Abandon all hope, the finals week is near. Pluck up all the courage you have, man up, and try not to forget everything you’ve learned this semester. For the year’s end turmoil ain’t taking no prisoners!
College means partying, right? Eh, nope. Playing hooky, keeping hands in pockets and putting studies in a cold storage the entire semester brought you what? Nothing but a state of panic so big a head is about to explode inside out. Why, WHY haven’t I studied harder? Would be a valid lesson. If you pass the finals, of course. Gotcha!
It’s not because you sleep too little or too bad. It’s all because you’re in a pre-examination stress. Anxiety and fatigue are always there, holding your hand and whispering in the ear, “Thou shalt not pass!” Fear of what’s coming for you next week frightens every tiny fiber of your soul asylum. But don’t worry, it’ll all pass. Just have to survive it, though.
Many a lofty matter will be pestering your brain. What is the meaning of life? A chicken or an egg? Why am I even studying Arts? Why am I such a goofy loser graduating in English Literature? How to say “I now may take your order, sirs,” in Spanish? Literally anything that could prevent you from hitting those textbooks hard.
When a brain works at ten tenths, your body needs a lot of energy. Consuming calories, mostly unhealthy ones, you let a brain to keep up with the workload. Adding extra pounds to your love handles or tushie after the finals is so common. Watch out for your diet during this time period! P.S. Whom are we kidding?! Add the bacon and make the cheese double, por favor!

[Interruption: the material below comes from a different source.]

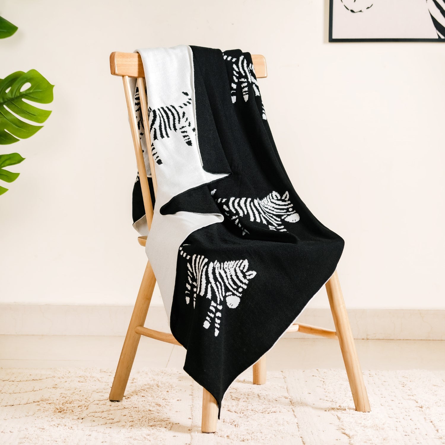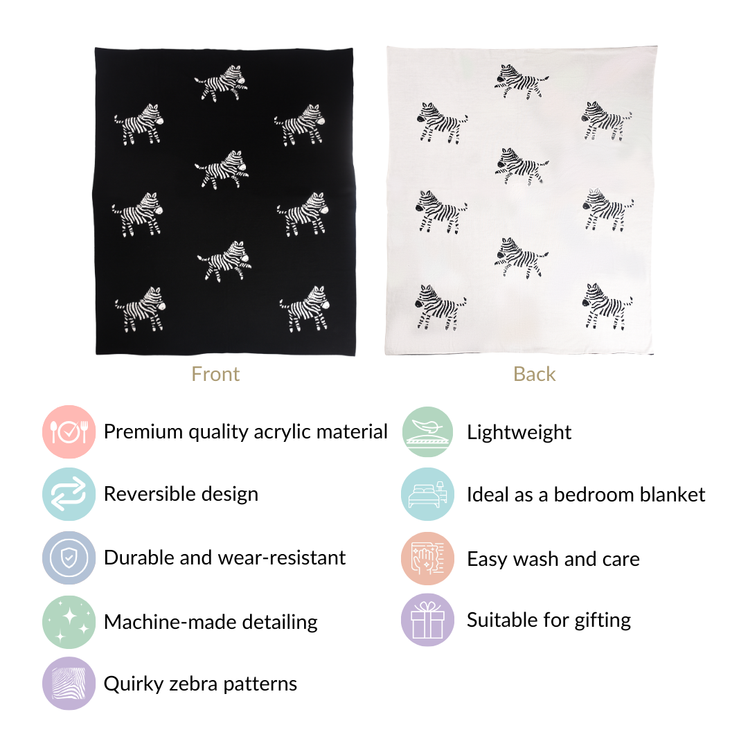 Our reversible throw blanket in a quirky zebra pattern is the perfect choice for a cosy and snug evening at home. The throw is meticulously crafted with premium-quality acrylic material and boasts of durability. This versatile throw for couch is wear-resistant, making it hassle-free to clean. The machine-made detailing of the sofa throw renders a fine finish to the product and impeccable quality. The sofa blanket is lightweight and easy to wash and take care of. Be it a housewarming party or a festive ambience, this throw makes for an ideal gifting option.

Here’s a typical line of thinking of a professor’s scumbag brain. [With an evil laughter and a devilish grind] Students preparing for exams? Lemme assignment them with some essays! AAAAaaaaahhhaaaaahhhaaa! Yes, there’ll be essays to write even though an examination fortnight is around the corner. Too much for you to handle? Use essay writing services from GradeMiners. Delegating assignments feels so GOOD.
But not when it’s an exam essay, though! Some courses will require you to prepare an essay as a final part of the test. Haven’t I already done my share of essays? Oh no, friend, essays are the nightmare chasing you even if it’s been 5 years since you had graduated. Willy-nilly, an exam essay is musty-writy.

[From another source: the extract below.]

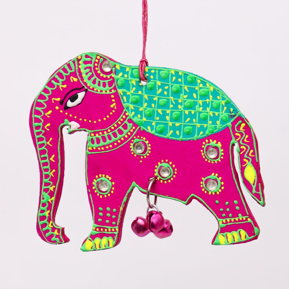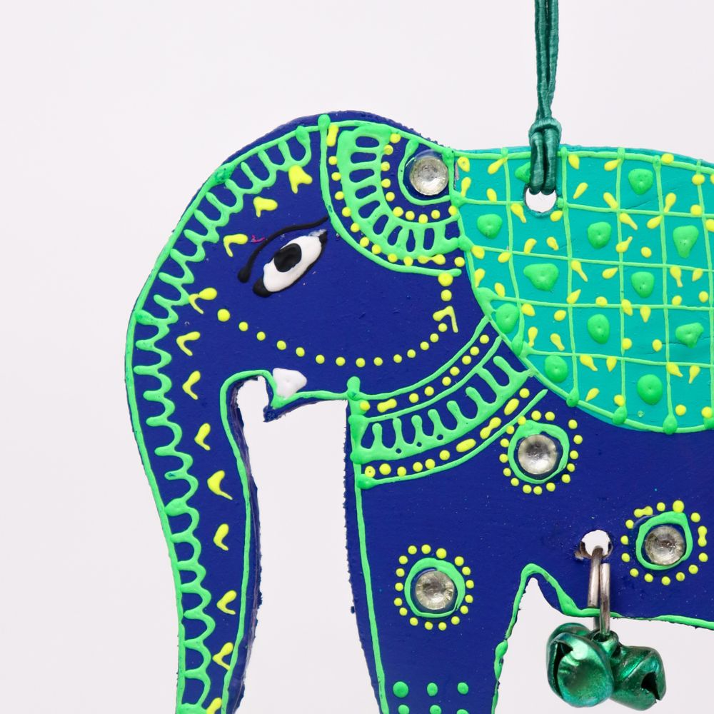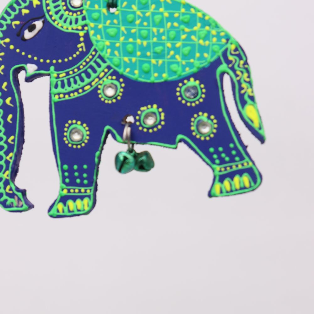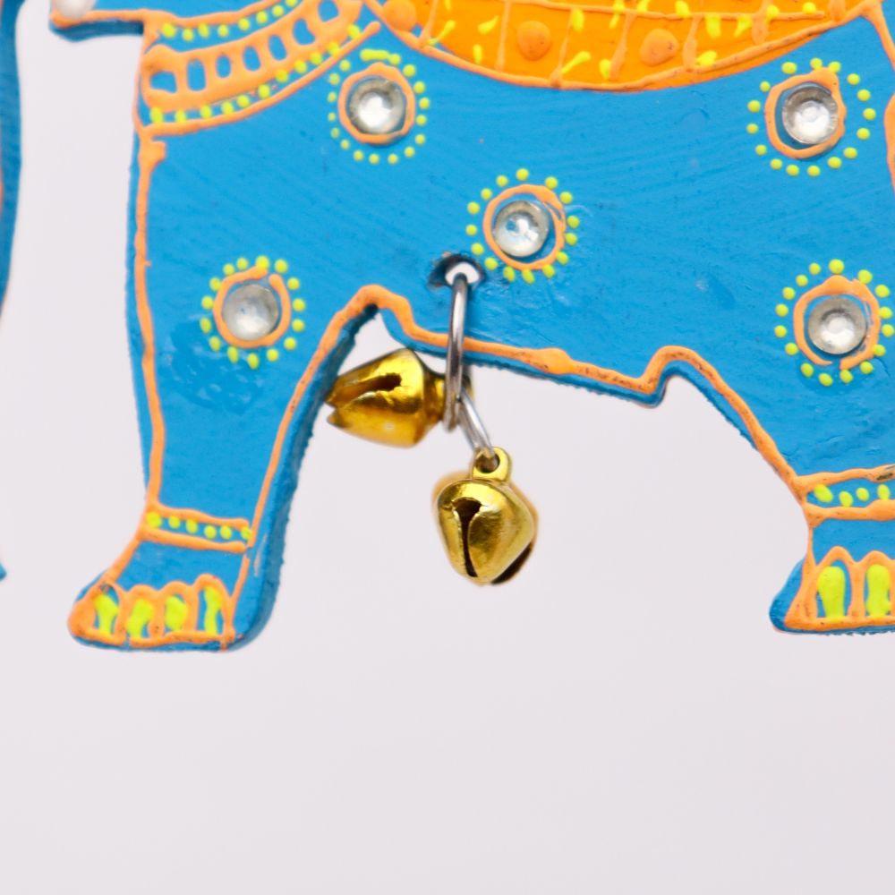 Bring a touch of traditional charm and artistic elegance to your Christmass with this Handmade Wooden Elephant Christmas Hanging, beautifully crafted and hand-painted to brighten up your home decor. Symbolizing wisdom, strength, and prosperity, each elephant is decorated with vibrant colors, mirror accents, and a small bell that creates a gentle, soothing chime. Perfect for living rooms, entryways, balconies, or festive setups, this Christmas hanging blends cultural artistry with contemporary appeal. Available in four striking colors - Blue-Green, Red-Yellow, Sky Blue-Orange, and Pink-Green - you can purchase them individually or as a complete set of 4 for a coordinated, colorful display. These artisan-made Christmas hangings also make wonderful gifts for housewarmings, weddings, and festive occasions.

At first, living off of caffeine is life. That smell, that gusto, that kick! But before you could say Jack Robinson, the uplifting effect of coffee wears off in direct ratio to how much you get stocked on latte, espresso, Americano, and Red Bull. Chunk, chunk, chunk, MUST NEEDS MORE CAFFEINE!!! At the end of the day, it isn’t giving you any energy but insomnia.

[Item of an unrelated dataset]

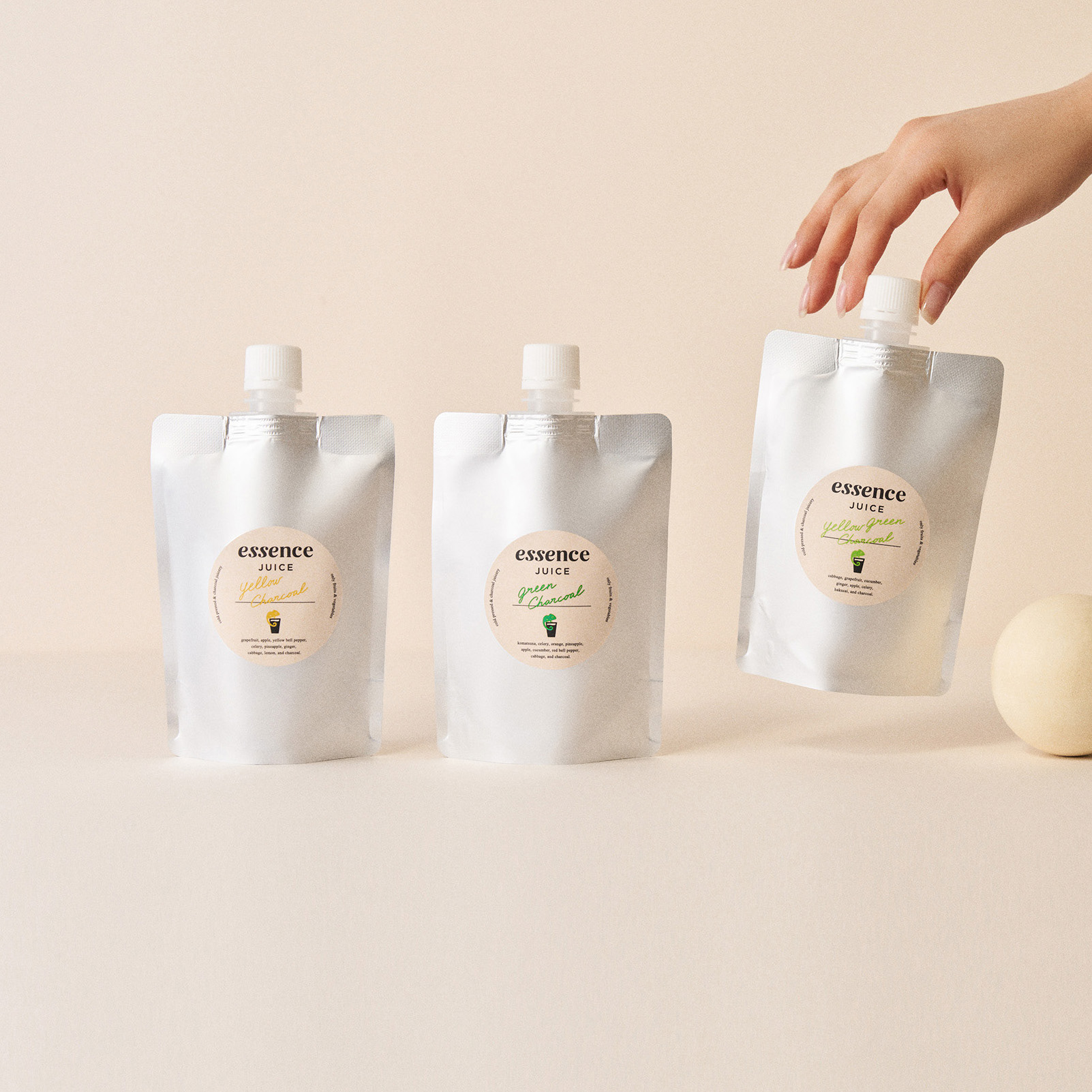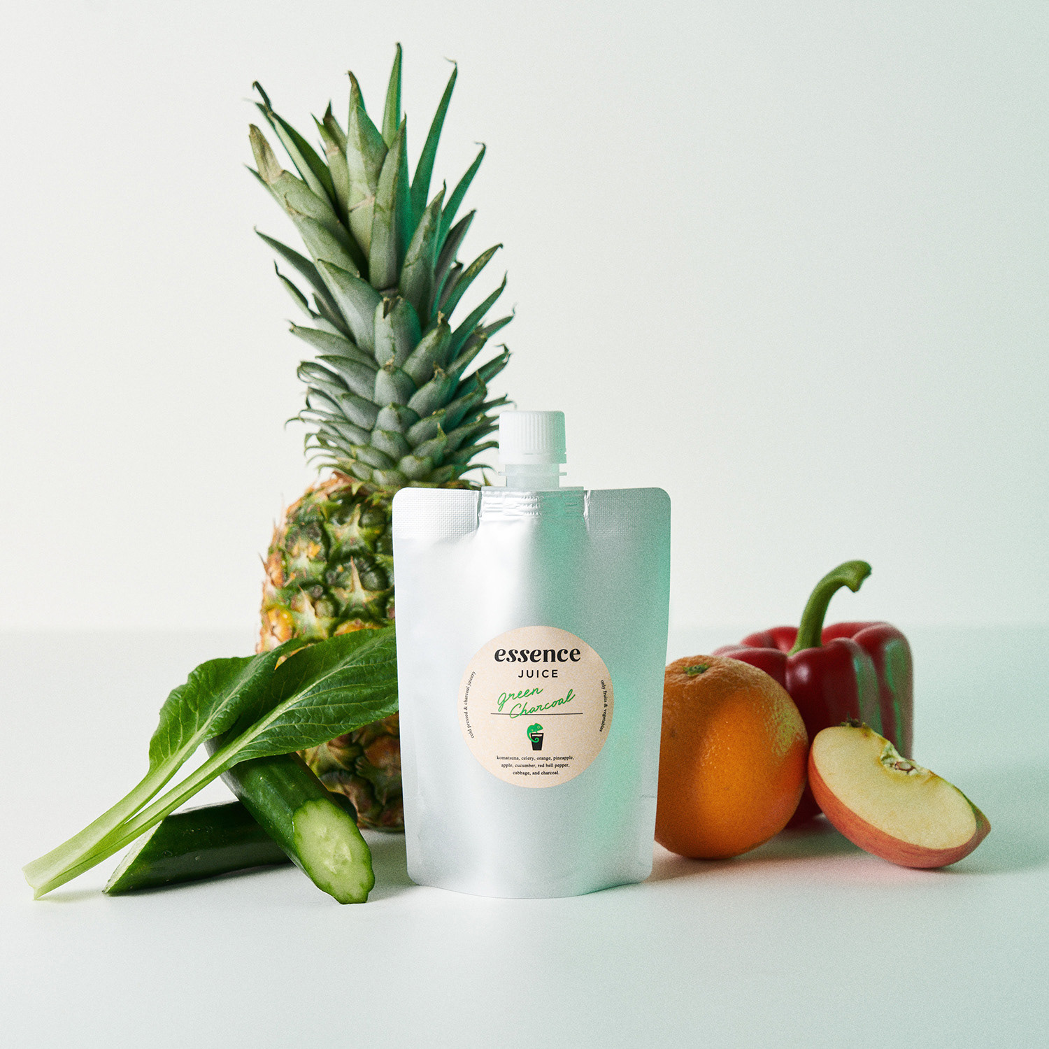 チャコールクレンズジュース「essence juice」のブランディングを担当しました。ロゴデザイン、パッケージデザイン、WEBデザイン、ビジュアルディレクションを担当しています。

You’re stressed, depressed, obsessed. Anxiety gets such a strong hold, your hands shake. Eyes twitch. Can’t sleep, can’t study any longer, can’t remember anything read last night. GOSH! LEAVE ME ALL ALONE! That’s a breakdown over here. And you’d better make sure it doesn’t happen in a college library. Because, you know, KEEP SILENCE.
Tomorrow I will do it. Tomorrow comes. Nah, will do it tomorrow! It’s the finals week already. Will do it… Oh, wait a sec… Ima so screwed! Never put off till tomorrow what can you do today, as what them clever men say. For a student about to enter into the year’s examination period, the saying rings truer than ever.
There’s but one thing x2 worse than all the mentioned above drawn together. It’s when Professor Smartypants puts questions on a test which haven’t been mentioned in the study guide. General knowledge? Extracurricular learning? Taking it outside the official course program? Some men just want to watch the world burn.